Fig. 8.1
Imaging LTP in the CA1 region. (A) A CCD image of the CA1 region in a hippocampal slice, with boundaries between layers highlighted in red. SO stratum oriens, SP stratum pyramidale, SR stratum radiatum, DG dentate gyrus. The CA2 region is above the field of view. The stimulating electrode is visible from the left (red arrow) and the field potential recording electrode is visible from the right (white arrow head). Four sites are indicated with numbers. (Bi). Optical traces are displayed from the 464 photodiodes that image the spatial distributions of responses to electrical stimulation (60 μA, 200 μs, each trace is an average of four trials). The red curves highlight boundaries in (A). (Bii). The field potential recording (above) and optical trace from the same location (site 1). The dashed trace represents the response 2 min before stimulation with three theta bursts and the red trace represents the response 50 min after. (Ci) The response map prior to theta burst stimulation, with amplitude encoded as color according to the scale in the lower left corner. (Cii) The response map after theta burst stimulation. (Ciii) The difference map created by subtracting (Ci) from (Cii) illustrates the spatial distribution of LTP. (D) The time course of response amplitude and field potential slope from the sites indicated in (A). Three theta bursts were applied at the arrow (TBS). (Modified from Chang and Jackson (2006b))
The basis for these features remains unclear, but the LTP maps bore a striking resemblance to the maps of action potential amplitude during the second and third theta burst used to induce LTP. Figure 8.2a displays the response amplitude map, along-side the spike amplitude maps during the three successive LTP-inducing theta bursts. There is a clear increase in spike map complexity with each theta burst, and the final spike map resembles the LTP map in the right panel. A plot of spike amplitude versus change in response amplitude shows a poor correlation for the first theta burst but a high correlation for the second two (Fig. 8.2b). The slope of these plots rose from ~0.35 to ~1 in the averages from eight such experiments (Fig. 8.2c). This experiment showed that regions where theta burst stimulation induced action potentials were subsequently found to be potentiated. This correlation reveals an important manifestation of the well-known Hebb condition of plasticity in which a stimulus can alter synaptic strength only when the stimulus drives action potentials in both the pre- and postsynaptic cells. Thus, this recasts the question of why LTP induction is so heterogeneous. The question has been translated into a question about why postsynaptic spiking is so heterogeneous. Although we are in no better position to answer this question than the first question, knowing that the action potential map exhibits the same heterogeneity suggests that experiments to study the action potential map may ultimately shed light on the basis for the spatial heterogeneity of LTP.
Fig. 8.2
Correlation between LTP and spike amplitude during induction. (a) Maps of response amplitude (first panel), spike amplitude during the first, second, and third theta bursts (next three panels), and LTP (right panel). Red curves highlight boundaries between layers as in Fig. 8.1a (Stimulation 80 μA). (b) Plot of spike amplitude during theta bursts versus the magnitude of LTP, with each point in the field of view contributing one point to the plots. The slopes increased with successive theta bursts. (c) The average slope from eight experiments as in (b) show statistically significant increases in slope after the first theta burst (*P < 0.005). (Modified from Chang and Jackson (2006b))

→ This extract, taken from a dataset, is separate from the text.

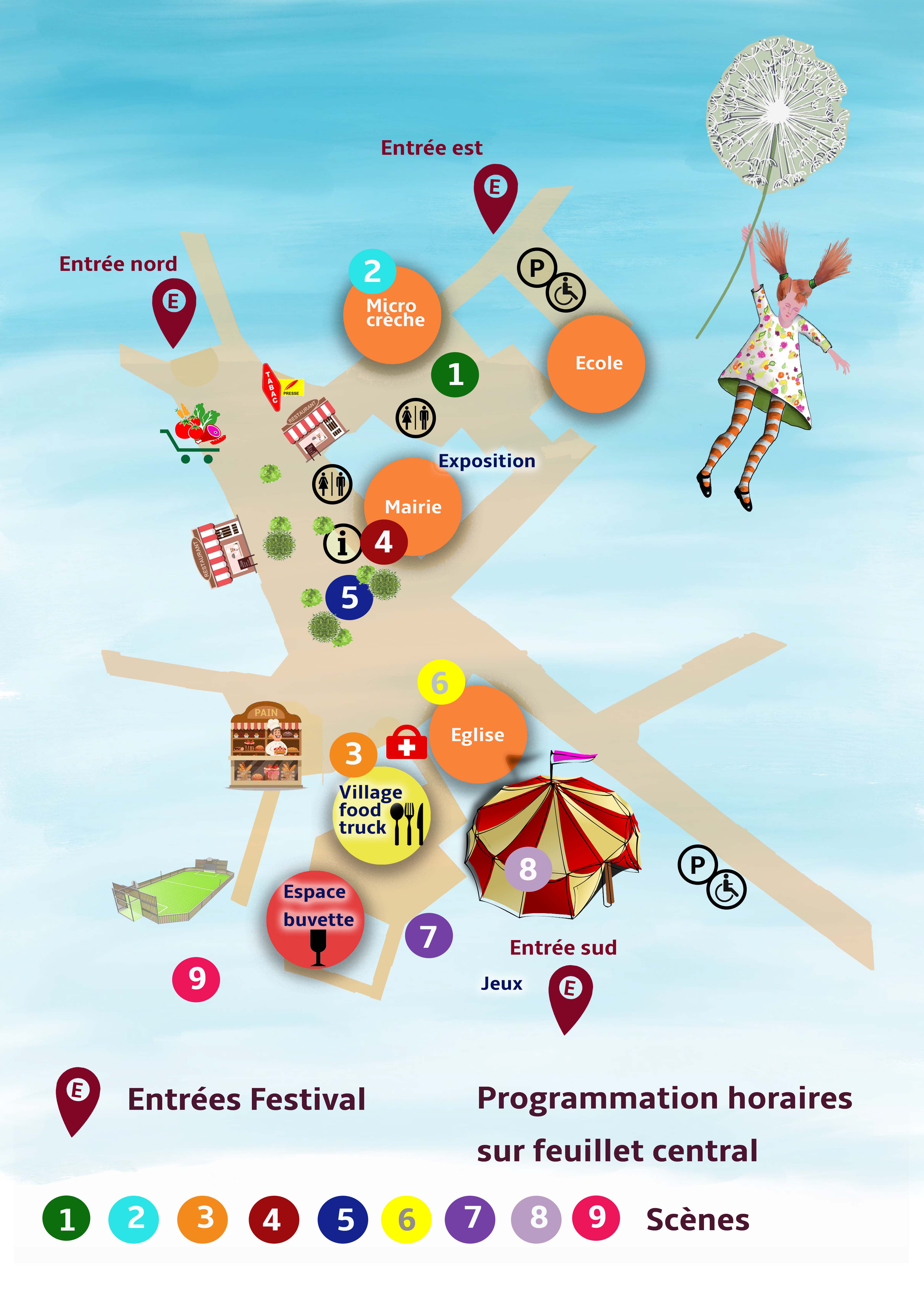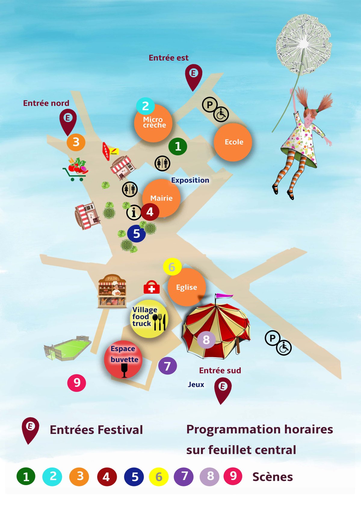 - Des programmes du festival sont disponibles aux entrées du village pour que vous ne manquiez rien des spectacles.

One consistent feature in LTP maps was that they usually display a minimum around the site of stimulation. This was seen in both the CA1 region (Chang and Jackson 2006b) and the dentate gyrus (Wright and Jackson 2014). In the CA1 region this feature did not simply reflect saturation of responses. It was seen with a range of stimulus currents. Another possible explanation for the gap is that local activation of more inhibitory interneurons by the stimulating electrode could cause greater local release of GABA. The extent of the minimum around the stimulating electrode would then reflect the extent of directly activated GABA release. This may explain the results in the CA1 region as these experiments were performed in the absence of GABAA receptor blockade. But in the dentate gyrus experiments a GABAA receptor antagonist was present (and was necessary to obtain LTP with this induction protocol), so local inhibition cannot account for this particular aspect of heterogeneity. Near the stimulating electrode neurons are depolarized both directly, and indirectly by the activation of synapses. The more global depolarization of the entire neuron could activate signaling pathways that counter the signaling pathways activated by synapses that lead to LTP.

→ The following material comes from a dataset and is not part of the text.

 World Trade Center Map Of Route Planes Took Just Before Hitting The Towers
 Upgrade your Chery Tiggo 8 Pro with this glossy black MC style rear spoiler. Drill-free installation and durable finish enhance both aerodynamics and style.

Another interesting feature of the LTP map was that a peak consistently appeared at the edge of the CA1 region bordering the CA2 region. This site was also shown to be a hot spot for epileptiform activity (Chang et al. 2007). Interestingly, the narrow CA2 region separating this hot spot from the CA3 region has much less LTP and lower amplitude epileptiform activity. The CA2 region is a well recognized anatomical subfield of the hippocampus, but the adjacent CA1 border region had not been distinguished from the rest of the CA1 region previously. This appears to be an interesting functional specialization, yet to be explained in terms of structure or molecular composition. These distinctions in terms of plasticity may be relevant to the recent finding that the CA2 region plays a role in social memory (Hitti and Siegelbaum 2014).
3 Gating
LTP directly increases the amplitude of responses to the activation of a targeted synapse. But whether this increase ends at that target or propagates further will be very relevant to the potential for plasticity at a given class of synapses to influence behavior. This issue is especially important in circuits with dense intrinsic connections. LTP at intrinsic synapses, as opposed to projection synapses, have the potential to alter how activity travels through a brain region and on to the next station. In this way LTP can modulate a gate that determines what passes through a circuit. Considering the plasticity of a synapse in isolation from its context ignores a potential for rich and interesting consequences that LTP can have on circuit function through complex polysynaptic interactions.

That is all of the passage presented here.